L'étiquette de la FDA elle-même considère les visites aux urgences comme des "effets indésirables graves"", a déclaré M. Baptist.

"Les études citées par la FDA en 2021 montrent que le risque de ces visites aux urgences augmente sans la visite initiale en personne. Cela aurait dû inquiéter la FDA. Au lieu de cela, elle a poursuivi ses modifications, compromettant ainsi la santé et la sécurité des femmes", a ajouté M. Baptist.

Le débat sur les données scientifiques relatives à l'innocuité de la mifépristone s'est intensifié au cours des dernières semaines, lorsque l'éditeur d'une revue universitaire de renom, Sage, a rétracté trois études menées par des chercheurs de l'Institut Charlotte Lozier, un organisme anti-avortement basé en Virginie, en faisant état de problèmes de méthodologie.

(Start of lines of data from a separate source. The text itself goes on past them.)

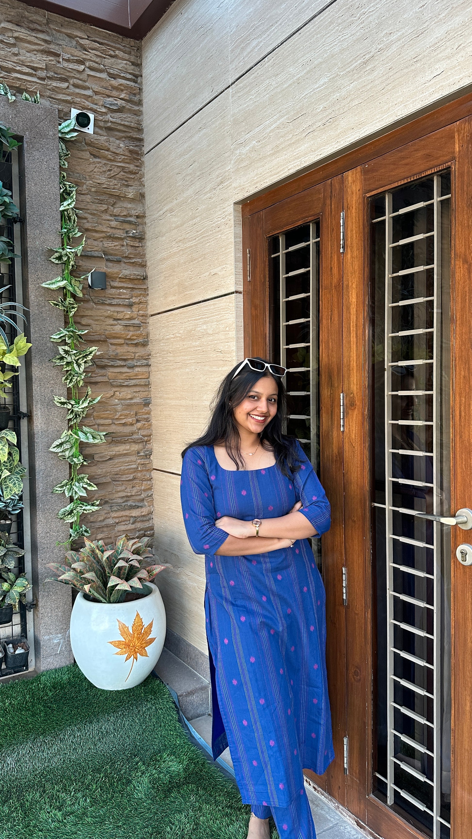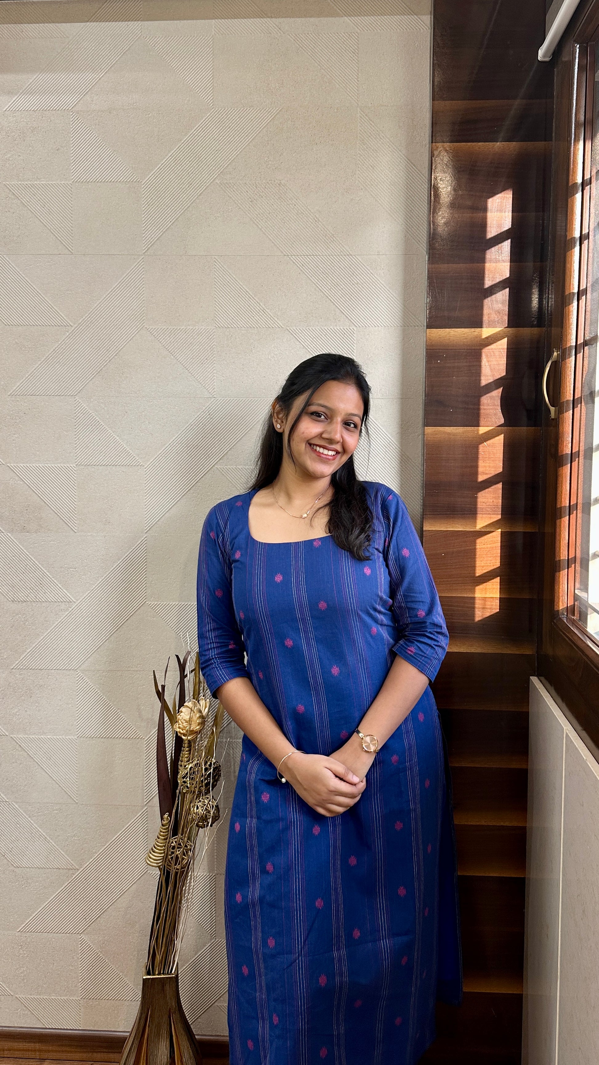 Crafted in rich indigo hues, this elegant handloom kurti set is a timeless blend of comfort and understated charm. The kurti features delicate vertical stripe detailing accented with subtle woven butti motifs, creating a graceful silhouette that flatters every body type. Designed with a classic square neckline and comfortable elbow-length sleeves, it’s perfect for everyday sophistication as well as relaxed festive wear.
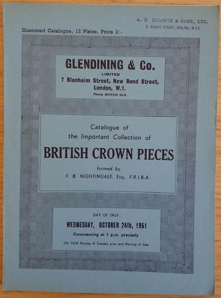 Glendining & Co. Catalogue of the Important Collection of British Crown Pieces formed by F.B. Nightingale Esq., F.R.I.B.A. London 24 October 1951. Brossura ed. pp. 27, lotti 246, tavv. XII in b/n. Buono stato.
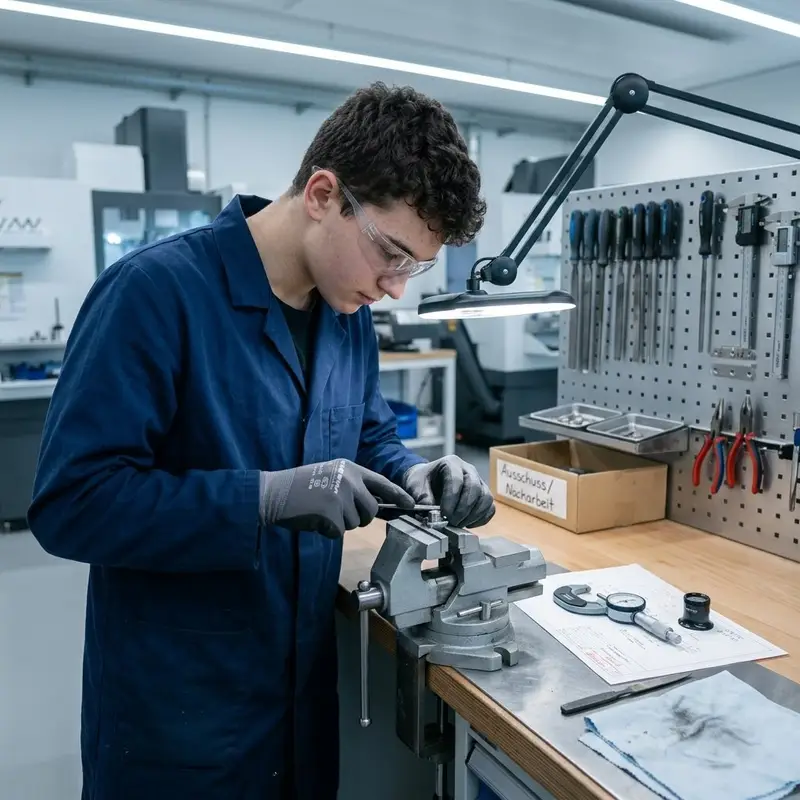 "description": "Du spannst ein fehlerhaftes Teil erneut ein und bearbeitest es mit Feile oder Schleifstein nach, bis es die Toleranzen einhält.",
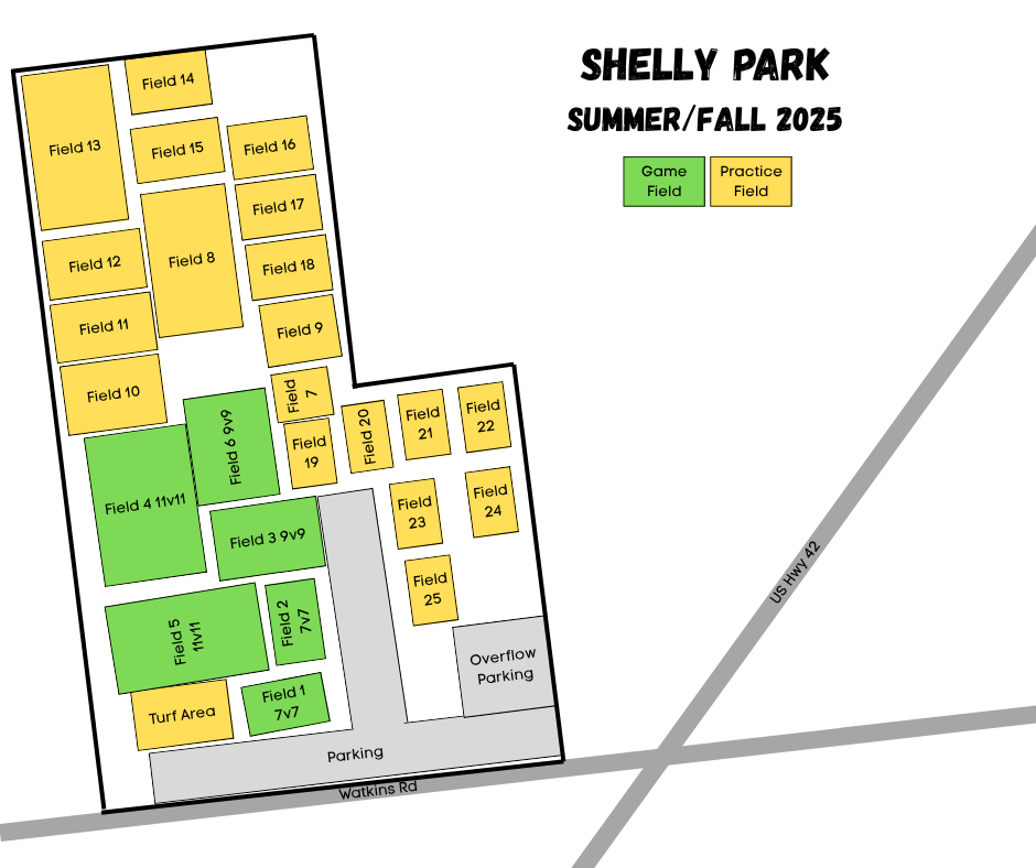 Shelly Park is undergoing some changes for the Fall 2025 season! An updated field map is below:

Les plaignants, dont l'Alliance for Hippocratic Medicine, avaient cité deux de ces études, dont l'une faisait état d'un plus grand nombre de visites aux urgences à la suite d'un avortement médicamenteux qu'à la suite d'un avortement chirurgical, dans leur action en justice de 2022 contestant l'approbation de la mifépristone par la FDA.

Le juge du district du Texas, Matthew Kacsmaryk, a également cité les études dans sa décision de 2023 qui donne raison aux plaignants.

"Nous n'avons pas besoin de ces études pour gagner", a déclaré M. Baptist. "Tout ce dont nous avons besoin pour gagner, c'est ce que la FDA elle-même a dit et les études qu'elle a citées.

James Studnicki, directeur de l'analyse des données à l'Institut Charlotte Lozier et auteur principal des études rétractées, a déclaré : "Il n'y a aucune raison légitime pour les rétractations de Sage." L'institut a déclaré à la Cour suprême que les rétractations avaient été faites pour des raisons "idéologiques", alors même que la FDA s'appuyait sur des études réalisées par des chercheurs "favorables à l'avortement".

L'année dernière, la cinquième cour d'appel du circuit américain, basée à la Nouvelle-Orléans, a partiellement confirmé la décision de M. Kacsmaryk, reprochant à la FDA d'avoir assoupli les restrictions sur la mifépristone en 2016 et en 2021. La décision de la cinquième cour d'appel reste en suspens dans l'attente de l'examen de la Cour suprême. Une décision est attendue d'ici la fin du mois de juin.

Pour M. Winikoff, quelle que soit l'issue de la procédure devant la Cour suprême, l'avortement médicamenteux n'est pas près de disparaître.

"Les gens savent vraiment ce dont ils ont besoin, et maintenant ils ont trouvé quelque chose qui leur est utile et qui s'intègre mieux dans leur vie", a déclaré M. Winikoff. "Je ne pense pas que les femmes américaines vont y renoncer parce que certaines personnes n'aiment pas l'avortement.